Very well done, Opalg! (Smile)

Solution of other:

Spoiler

Let

$X=\sqrt{100}-\sqrt{99}+\sqrt{98}-\sqrt{97}-\sqrt{96}+\cdots-\sqrt{4}+\sqrt{3}$, and

$Y+1=\sqrt{99}-\sqrt{98}+\sqrt{97}-\sqrt{96}+\cdots-\sqrt{4}+\sqrt{3}-\sqrt{2}+\sqrt{1}$.

Adding up the equations yields $X+Y=\sqrt{100}-\sqrt{2}$.

Note that from AM-GM inequality, we have the following inequalities that are true:

$100+98>2\sqrt{100}\sqrt{98}$

$4(99)>100+2\sqrt{100}\sqrt{98}+98$

$2\sqrt{99}>\sqrt{100}+\sqrt{98}$

\(\displaystyle \color{yellow}\bbox[5px,purple]{\sqrt{99}-\sqrt{98}>\sqrt{100}-\sqrt{99}}\),

\(\displaystyle \color{yellow}\bbox[5px,green]{\sqrt{97}-\sqrt{96}>\sqrt{98}-\sqrt{97}}\), and so on and so forth, we know $Y>X$ must hold.

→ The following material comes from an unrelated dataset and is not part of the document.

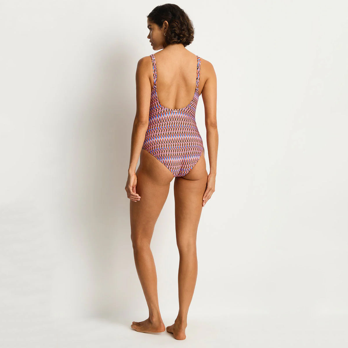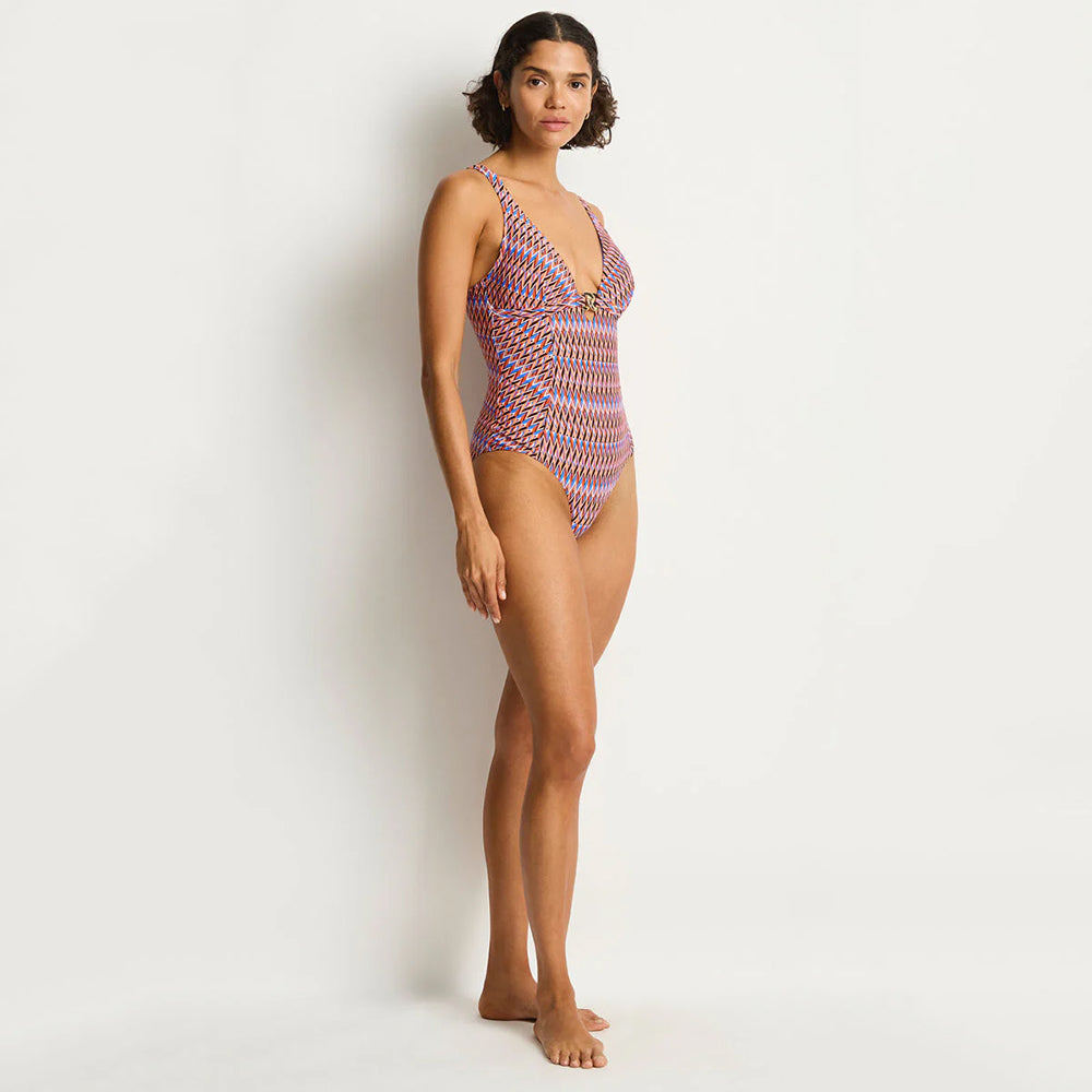 Tessera features a kaleidoscope of vibrant hues - blue, flame and black - interwoven in a geometric print that speaks to both modern elegance and 1970's glamour. Crafted from recycled base-cloths, Tessera is not only a celebration of colour and form, but also a homage to sustainable swimwear and what that might mean for the future.

Therefore, $2Y>X+Y=\sqrt{100}-\sqrt{2}$ (from $X+Y=\sqrt{100}-\sqrt{2}$), and so

$Y+1>\dfrac{\sqrt{100}-\sqrt{2}}{2}+1=5+\left(1-\dfrac{\sqrt{2}}{2}\right)>5$ and we're hence done.